QiShen YiQi pills (QSYQ), a Traditional Chinese Medicine (TCM) preparation, have a marked influence on the treatment of myocardial infarction (MI) patients within clinical practice. Further investigation into the molecular intricacies of QSYQ's regulation of pyroptosis following myocardial infarction is warranted. This research was therefore designed to discern the process by which the active agent in QSYQ functions.

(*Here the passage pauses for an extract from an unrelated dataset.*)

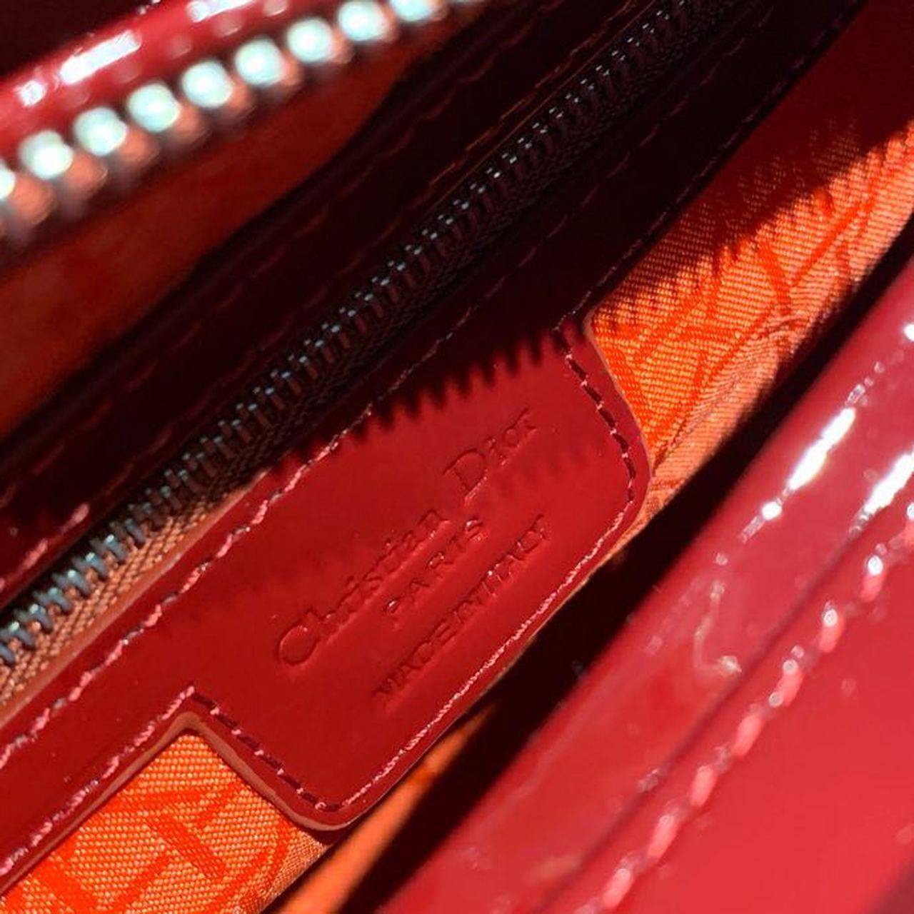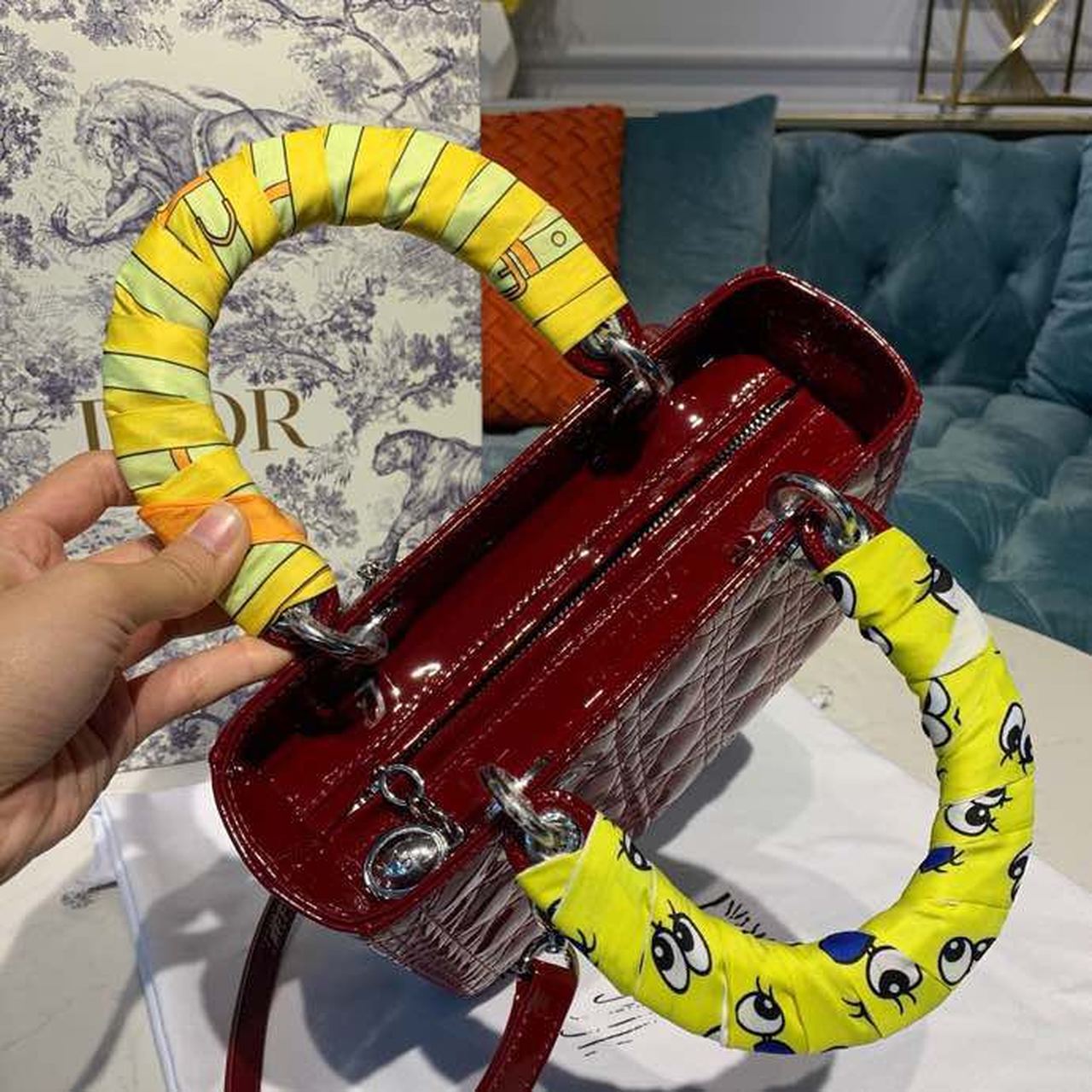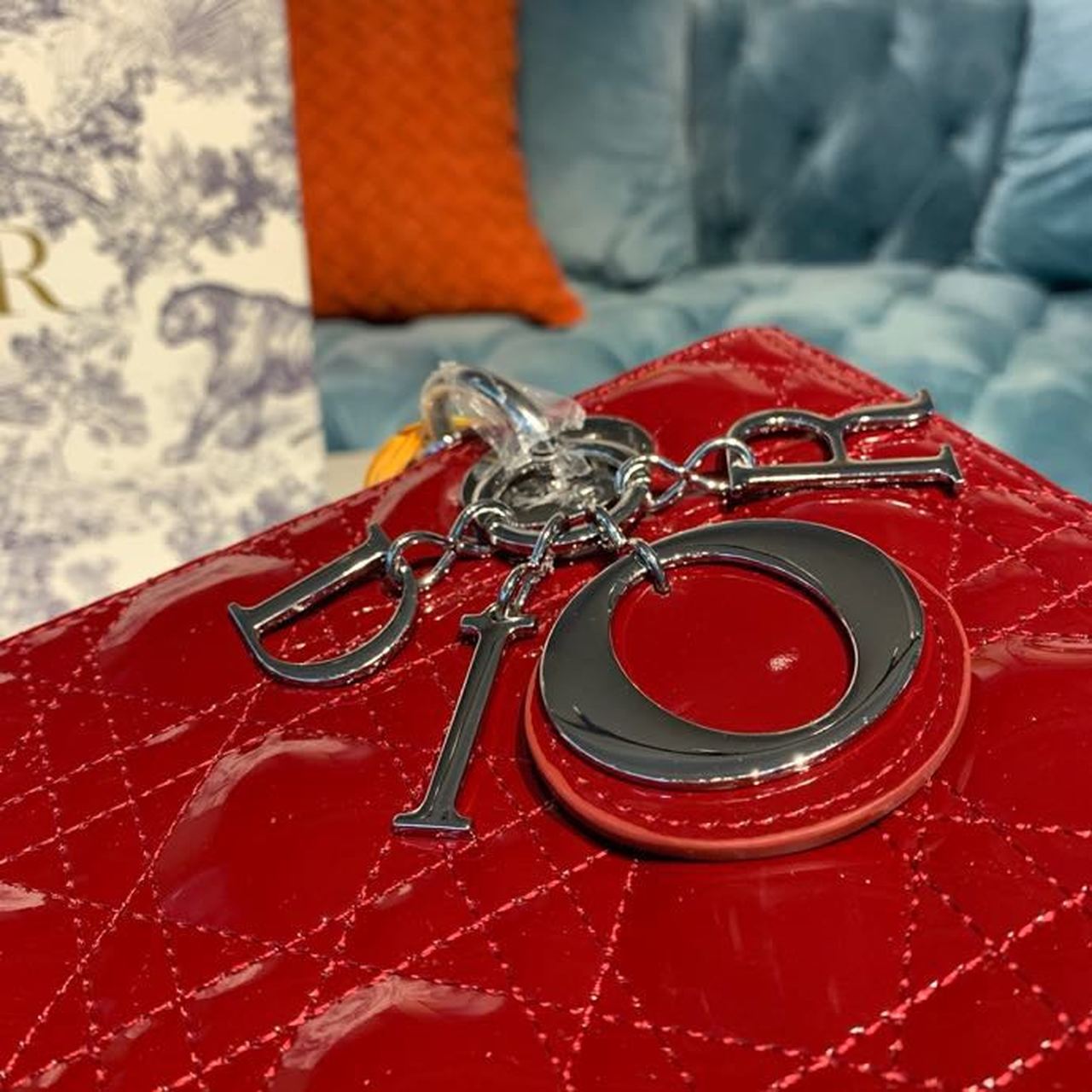 DI Medium Lady Bag With Chain Silver Hardware Burgundy Women’s Handbags 24cm/9in CD

The active constituents and common target genes of QSYQ, which intervene pyroptosis following myocardial infarction, were identified by integrating network pharmacology and molecular docking strategies. Thereafter, STRING and Cytoscape were employed to build a protein-protein interaction network, enabling the identification of potential active compounds. VX-770 Using molecular docking, the binding capacity of candidate compounds to pyroptosis proteins was determined. The protective effects and mechanisms of the candidate drug were assessed in oxygen-glucose deprivation (OGD) cardiomyocyte injury models.
Two candidates with drug-like properties were initially selected, and subsequent testing verified hydrogen bonding as the mechanism of binding between Ginsenoside Rh2 (Rh2) and the primary target High Mobility Group Box 1 (HMGB1). By mitigating OGD-induced H9c2 cell demise, 2M Rh2 demonstrably reduced inflammatory cytokines IL-18 and IL-1, possibly by quelling NLRP3 inflammasome activation, hindering p12-caspase-1 expression, and decreasing the amount of pyroptosis-related GSDMD-N.